Música, religión, consumo

Del rock satánico a Rosalía

ROSALÍA - Berghain (Official Video) feat. Björk & Yves Tumor
05/11/2025
Escriptor i professor a la Universitat Ramon Llull
3 min

Hace medio siglo, hacia 1975, la música popular en lengua inglesa (es conveniente remarcarlo) vivió una explosión creativa y supuestamente transgresora que parecía desafiar al sistema. En realidad, ocurría justo lo contrario: el turbocapitalismo, en feliz expresión del profesor Gonçal Mayos, no pierde ninguna oportunidad para ganar terreno. Ávidos de sensaciones fuertes, los adolescentes de la época se integraron así en la Gran Rueda del Consumo, en este caso la de la industria discográfica, que entonces pasaba sin duda por su mejor momento. La estética satánica emergió como una forma de provocación banal, acompañada de acné y pelos bajo la nariz, a partir de grupos como Black Sabbath. La influencia de la película El exorcista (1973) y sus múltiples imitaciones más o menos chapuceras fue importante. La iconografía de aquellos grupos de rock –cruces invertidas, voces guturales, invocaciones demoníacas– no respondía a ninguna adhesión literal al satanismo, por supuesto. Por lo general, formaba parte de una estrategia para generar ruido, escandalizar a tías octogenarias y consolidar una identidad contracultural que, en realidad, era un simple target comercial. Sea como sea, los referentes eran religiosos. Pero con el paso del tiempo aquella estética perdió su poder pseudosubversivo. La cultura popular asimiló sus contenidos, convirtiéndolos en iconos paródicos y totalmente inofensivos (véase, por ejemplo, la película de animación de 2005 La novia cadáver, de Tim Burton, destinada a un público infantil). La cultura de masas es autofágica. Hoy, una camiseta con una cruz invertida o cosas por el estilo impresiona tanto como una corbata. Es decir, nada.

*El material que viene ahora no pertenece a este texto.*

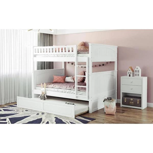 - 【Classic design】This wood bunk bed features two full size beds and a twin size trundle bed for accommodating your kids or any overnight sleepers. It can also be divided into two separate full beds and one twin trundle bed on your different needs
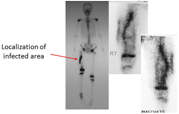 | A bone scan was done which showed the area of infection. The entire shaft was infected on the inner posterior surface. |
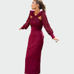 Elegantní Burgundské Midi Šaty S Průstřihy Dekoltu
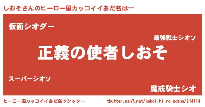 | 女子向けラノベタイトル風あだ名 | 『しおそ夫妻のなれそめ』『闇のしおそ』 |
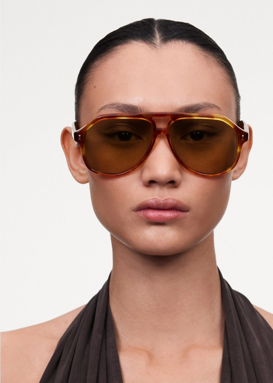 משקפי טוני הם צללית נועזת השואבת השראה מצורות וינטג' של שנות ה 70 בצבע שחור עם עם עדשות בגוון אמבר כהה  לנשים וגברים כאחד .עשויים אצטט איטלקי משובח
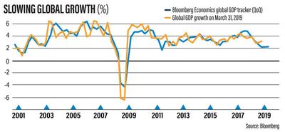 There will certainly be discussions this week at the International Monetary Fund’s annual meeting in Washington. Bloomberg Economics’ global GDP tracker shows the pace of expansion has slowed to 2.2 per cent in the third quarter, down from 4.7 per cent at the start of 2018.
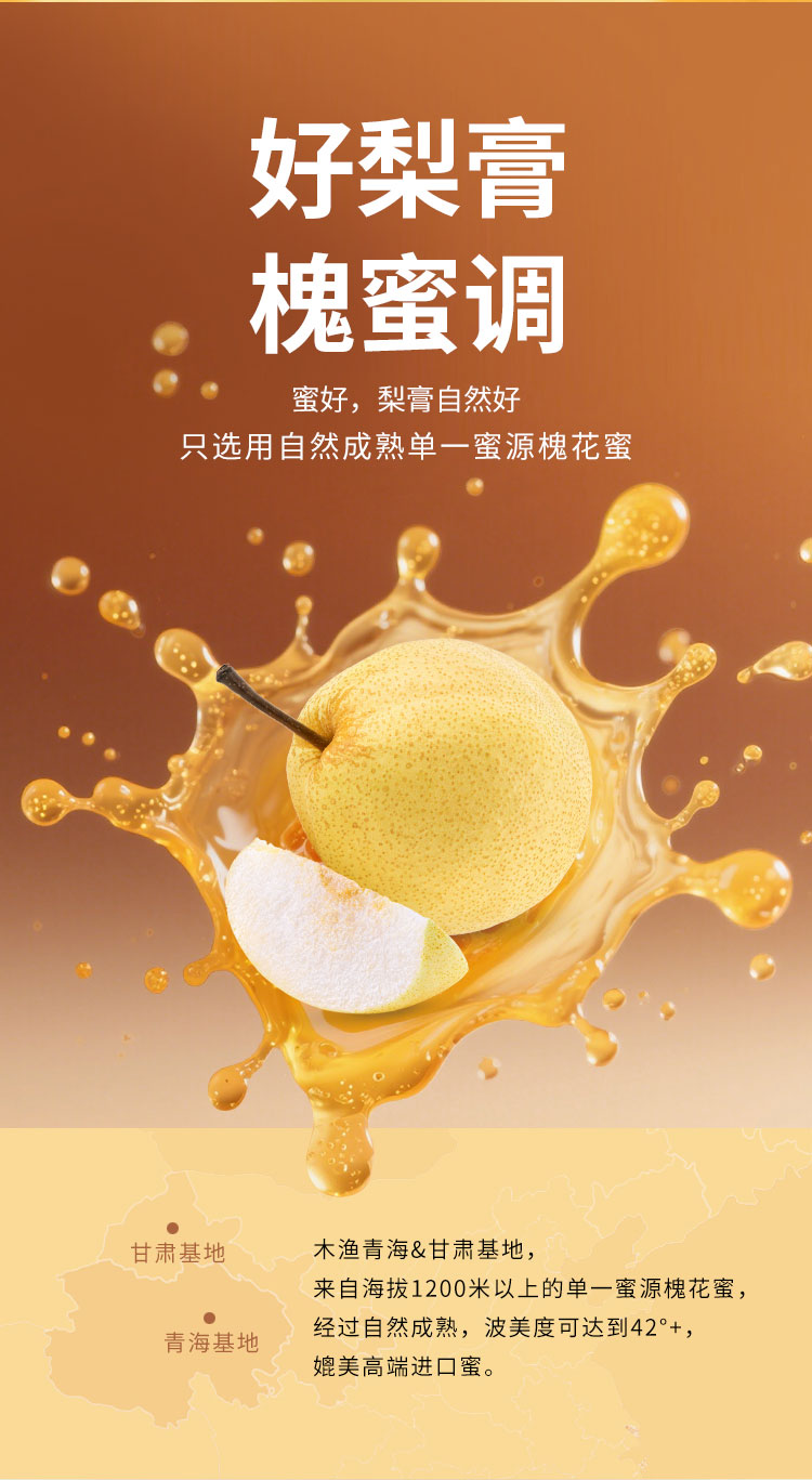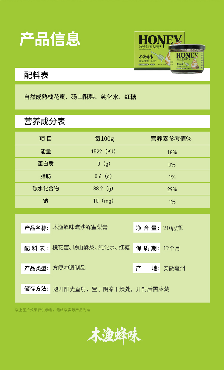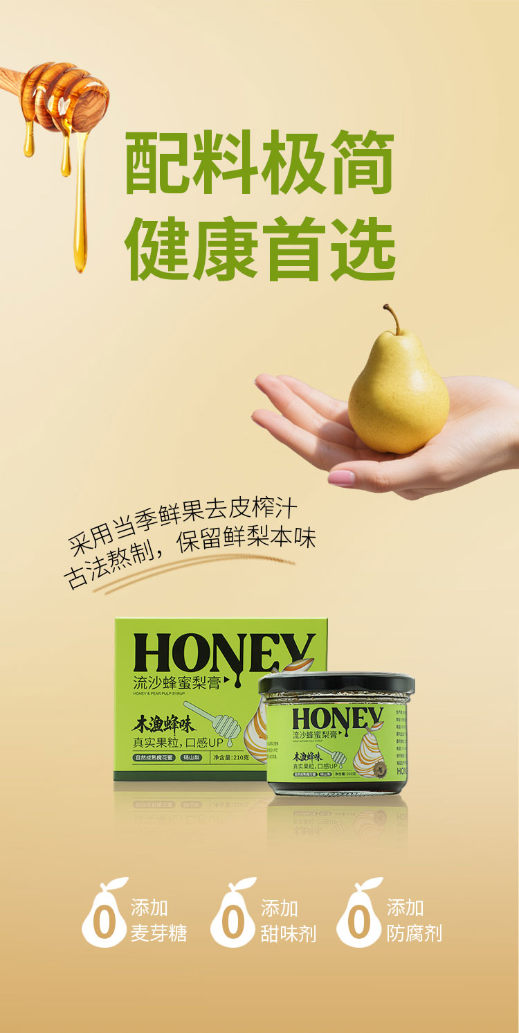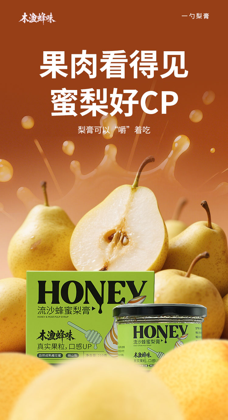 木渔蜂味流沙蜂蜜梨膏 选用自然成熟槐花蜜 古法慢熬酥梨膏含鲜梨果肉颗粒 配料极简 210g/瓶盒

Una vez consumida aquella veta de carbón infernal, la espiritualidad posmoderna empezó a manifestarse con lenguajes bastante alejados de las grandes narrativas religiosas. Es en este escenario posmoderno donde artistas como Rosalía han recuperado la simbología católica no como provocación, sino como un vehículo expresivo que ya tanteó la astuta Madonna hace más de treinta años. He observado con atención, en varias ocasiones, el extraordinario videoclip de Berghain, que es el primer sencillo del disco Lux. En términos estéticos, es un producto impecable. Si digo que está cargado de referencias religiosas no descubriré nada nuevo, seguramente porque son demasiado obvias, demasiado claras, demasiado golosas. Forman parte del consumo fast food, y probablemente representan el reverso de la contemplación espiritual, que por definición requiere una mirada interior silenciosa, lenta y no a la fuerza placentera. Esto no es ninguna crítica a la cantante Rosalía, artista de trayectoria impecable, sino a quienes hacen una lectura –digamos– doctrinal de ese giro. La estética católica no se utiliza para escandalizar ni hacer mofa de nada ni de nadie, pero eso no significa que tenga un recorrido que vaya más allá de las reglas del juego del consumo musical. Si a corto o largo plazo esto puede acarrear cambios en la conducta espiritual de los jóvenes, no lo sé; dada la enorme popularidad a escala mundial de esta cantante, no es en absoluto descartable. A diferencia del rock satánico de los setenta, que rechazaba la religión como institución opresora, Rosalía se acerca al catolicismo pero lo hace desde una óptica descontextualizada y estetizante. No lleva adherido ningún compromiso y, sobre todo, no implica ningún cambio o transformación profunda. La tentación de pensar que todo ello deriva de una búsqueda de sentido en un mundo ultrafragmentado es grande, pero hay que ponerla entre paréntesis.

En su último libro –una lectura de la filósofa Simone Weil–, Byung-Chul Han recuerda que la digitalización nos ha habituado a tenerlo todo –que todo tenga que ser– "inmediatamente alcanzable, disponible, calculable y consumible". A diferencia de la atención profunda que reclama la búsqueda espiritual, la atención que fomenta la Gran Rueda del Consumo (incluida la musical) es a la fuerza fragmentaria y efímera, fungible. Estos dos tipos de atención no son simplemente distintos: en realidad son antagónicos. Si en los años setenta la provocación pasaba por invocar al demonio con una guitarra eléctrica al máximo de volumen, hoy puede pasar por vestirse de monja. En cualquier caso, la gran provocación, la provocación suprema que hace tambalear la rueda, es alejarse de todo lo que sea "inmediatamente alcanzable, disponible, calculable y consumible". Orar en silencio en una habitación a oscuras, y no contárselo a nadie, es quizás el acto más subversivo que se puede hacer hoy: atenta contra el propio nervio del sistema, que no es otro que el consumo.